Led by Steve Marcus, chairman of the board of The Marcus Corporation, Sculpture Milwaukee is an annual gift to the community, bringing world-renowned works to an accessible and approachable environment for all to enjoy. From art connoisseurs and collectors, to school children and office workers, the installation will spark imaginations and activate Wisconsin Avenue. Sculpture Milwaukee 2018 is curated by Russell Bowman, an art advisor based in Chicago and former director of the Milwaukee Art Museum, and Marilu Knode, Sculpture Milwaukee’s project director and former director of Laumeier Sculpture Park in St. Louis.
Drawing inspiration from the Underground Railroad, Rastafarianism, Zen Buddhism, ancient Egypt, and 19th and 20th century African sculpture, Sanford Biggers utilizes various art forms to create multi-faceted works that collaborate with the past to help us understand our present. In BAM (Seated Warrior), 2017, Biggers casts a life-size Warrior by marking and mutilating a small wooden “power” figure, cast in bronze, to expand the size and both hide and exaggerate the violence done to the original. The piece references the history of killings of unarmed civilians in America. The serene pose of Warrior contrasts the violence done to its body; this jarring juxtaposition is at the heart of Biggers’ work. The artist sees himself as a collaborator to the African and African American artists, and artisans who came before him, borrowing, enhancing and memorializing their work and struggles through his own object-making. BAM (Seated Warrior), 2017 is on loan courtesy of the artist and the Marianne Boesky Gallery, New York and Aspen.
Yoan Capote balances a broadly conceptual, experimental artistic practice with the realities and histories of his native Cuba. Using different materials to express different ideas, Capote searches for intellectual, and perhaps physical, freedom from a culture isolated by the sea. He is part of a new generation of artists, testing the limits of the changing political atmosphere of Cuba, and of the changing attitudes towards Cuba in the world. His sculpture, Nostalgia, 2013, embodies the situation of travel for immigrants. Our bags can contain memories and bare necessities, as well as loss and longing for what was left behind. While many look at travel as providing life-changing adventures, for many, the suitcase may carry the weight of a lost past. Nostalgia, 2013 is on loan courtesy of the artist and the Jack Shainman Gallery.

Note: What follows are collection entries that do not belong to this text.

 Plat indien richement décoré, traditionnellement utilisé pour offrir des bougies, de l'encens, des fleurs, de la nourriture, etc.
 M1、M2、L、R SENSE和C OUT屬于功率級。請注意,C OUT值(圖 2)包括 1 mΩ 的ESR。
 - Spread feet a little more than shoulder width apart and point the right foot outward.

Tom Friedman is both a minimalist, using common materials simply, and a maximalist, creating
exuberant and improbable art works from everyday materials. Since 2007, Friedman has been creating
sculpture and sculptural environments made of aluminum foil, roasting pans and baking tins. The supple, yet durable, materials are easily shaped and keep their edges and finger-print divots when cast into the high-gloss modern material of stainless steel. Hazmat Love, 2017 features two men in protective hazmat suits wrestling. The viewer is left to decide if they are trying to save themselves or each other. Hazmat suits are designed to protect humans from our own disasters – in the environment and perhaps in the kitchen. In the labor-intensive work, Friedman shows the paradoxes of the life we humans create. Hazmat Love, 2017 is on loan courtesy of the artist and Luhring Augustine, New York.

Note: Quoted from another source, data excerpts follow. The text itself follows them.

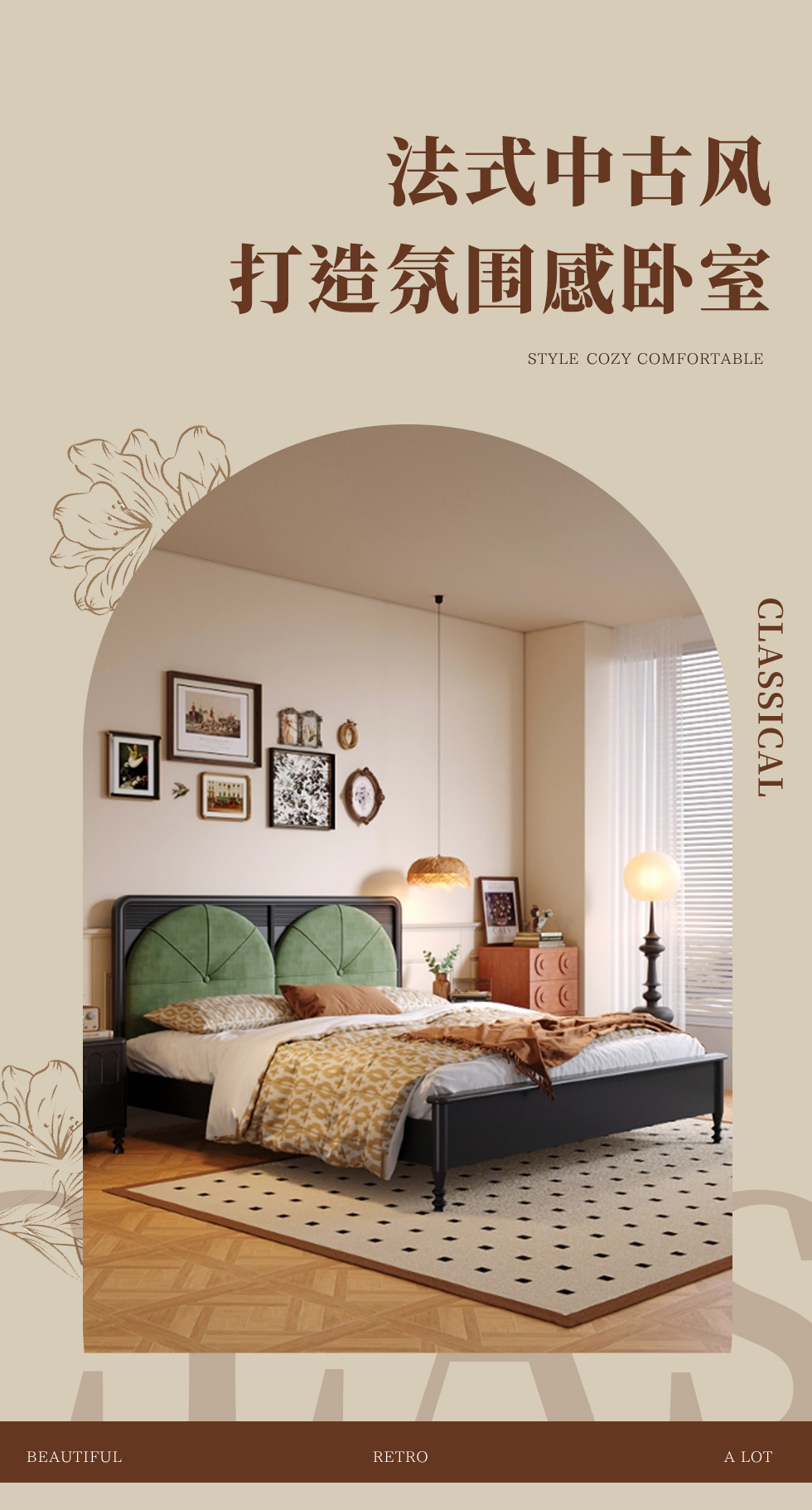 中古·尚 网红 中古风 进口像胶木+布艺+高回弹海绵+多层实木板+全实木床板+碳素钢五金配件 黑红色 1.8米床¥6044
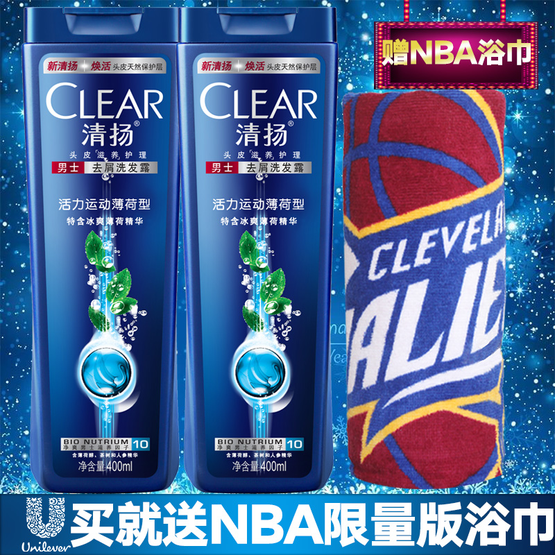 清扬正品活力运动薄荷型去屑洗发水男士洗发露控油止痒送NBA浴巾
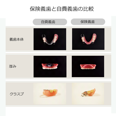 保険の義歯は、国が定めたルールに基づいて製作され、基本的には最低限の機能回復を目的としています。一方で、自費の義歯は患者さま一人ひとりの要望やお口の状態に合わせて、より高品質な材料や技術を使って製作されるため、見た目や使い心地に優れています。
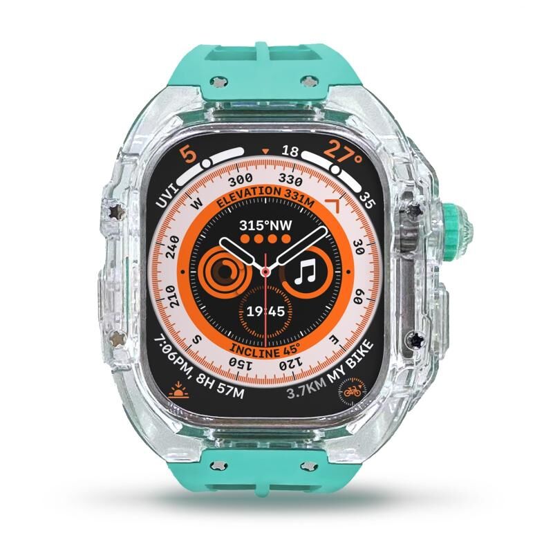 Θήκη προστασίας για Apple Watch Ultra 49mm από φθοριούχο καουτσούκ, διαφανής, με μπλε λουράκι ρολογιού.

British artist Gary Hume is known for his cheerful, candy-colored paintings made with household paint
and, more recently, over-sized sculptures that recall the flora and fauna around us. In each distinct body of work, Hume abstracts the forms of recognizable objects, creating elegant symbols of his world. The scale of Bud, 2016 is playful, standing as tall as any adult. The plant is both wondrous, the miracle of life that returns after a long Wisconsin winter, and monstrous in its size. The piece comes off its pedestal and roots directly to the ground, its natural material appearing unnatural in the landscape. Bud, 2016 is on loan courtesy of Matthew Marks Gallery and Sprüth Magers.

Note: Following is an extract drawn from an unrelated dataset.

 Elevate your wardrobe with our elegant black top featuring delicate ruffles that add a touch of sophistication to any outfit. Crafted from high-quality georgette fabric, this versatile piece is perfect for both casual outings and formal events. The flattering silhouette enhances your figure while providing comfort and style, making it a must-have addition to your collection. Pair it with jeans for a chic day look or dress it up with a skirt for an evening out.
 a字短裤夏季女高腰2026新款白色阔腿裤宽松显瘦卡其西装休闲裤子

Jessica Jackson Hutchins is known for her paintings and ceramic sculptures, but in the last several years, has begun to create architectural insertions using fused glass. Made from cut and carved pieces of glass melted together, this process allows Jackson Hutchins flexibility in creating quasi-narrative panels that mix shapes and words drawn from contemporary culture. In her re-purposed bus shelter, Reason to Be, 2017, Jackson Hutchins replaces the functional glass walls with baroque decorative panels, some with phrases and words that recall the advertising function of these public shelters. She has also replaced the bench with a hammock, taking participants from the fast pace of downtown’s business environment, giving them a place to rest, and perhaps dream. Her work embraces issues of public citizenship and personal spirituality. Reason to Be, 2017 is on loan courtesy of the artist and the Marianne Boesky Gallery, New York and Aspen.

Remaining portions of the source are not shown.